21

How come Daesh/ISIS does not attack Israel, who are supposed to be their worst enemy?

Precision: I'm not asking the reason for the other way around, why isn't Israel attacking IS I'm asking why isn't IS threatening a country like Israel which is on a long term mission to divide the Arab world.

  • @jon, your question is partly unclear, and I think that reflects in the diversity of the answers. DAESH is present military in Irak and Syria, and does not really have a projection capability. Lybia's base shows the difficulty they have in a failed country. The other one is through terrorists cells attacking people in other countries (USA, Belgium, France, Turkey, ...) which type would you expect them to attempt in Israel? – bilbo_pingouin Mar 29 '16 at 6:20
  • 4
    Can you provide citations about Israel being its worst enemy? – Andrew Grimm Sep 11 '17 at 8:02
  • 2
    @AndrewGrimm - thank you, beat me to the comment. – PoloHoleSet Sep 11 '17 at 14:26
  • This seems like a question asking for opinions. Can you give an example of a hypothetical citable fact which can be a possible answer to this question? – grovkin Apr 3 '18 at 9:57
  • 5
    "a country like Israel which is on a long term mission to divide the Arab world" [citation needed] – RedSonja May 2 '18 at 11:00
18

I think there may be a couple of components to this

  1. Israel has excellent defenses and is very strict regarding points of entry into their territory. It's plausible that DAESH has attempted to penetrate and Israel has detained those individuals as high risk, which they do without trial on a regular basis when it comes to Palestinians.
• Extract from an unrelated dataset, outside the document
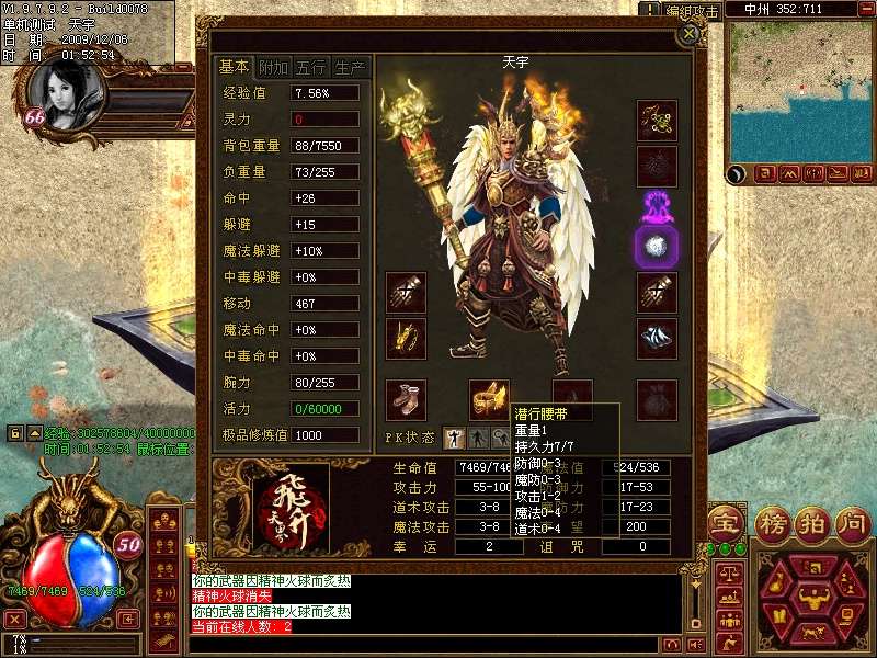 潜行腰带属性:重量:1,持久:7,防御0-3,魔防0-3,攻击1-2,魔法0-4,道术0-4,需要声望25点。元神不可佩戴。

  2. Israel is not waging open warfare on DAESH at the urging of the US State Department it is rumored. The US is concerned that a coalition revolving around a fight with DAESH would be compromised if the coalition included Israel, hence the lack of air strikes from Israel.

  3. DAESH has warned Israel in December of 2015 that they will inject themselves into Palestine and established an Islamic State to include it.

17

There are a variety of reasons:

  1. ISIS is quite happy with the status quo of Israel attacking, or at least putting pressure on, their main tactical enemies (Shia block in general, in the personification of Hezbollah). If it wasn't for Israel, Hezbollah could have sent a significantly more overwhelming force from Lebanon into Syria.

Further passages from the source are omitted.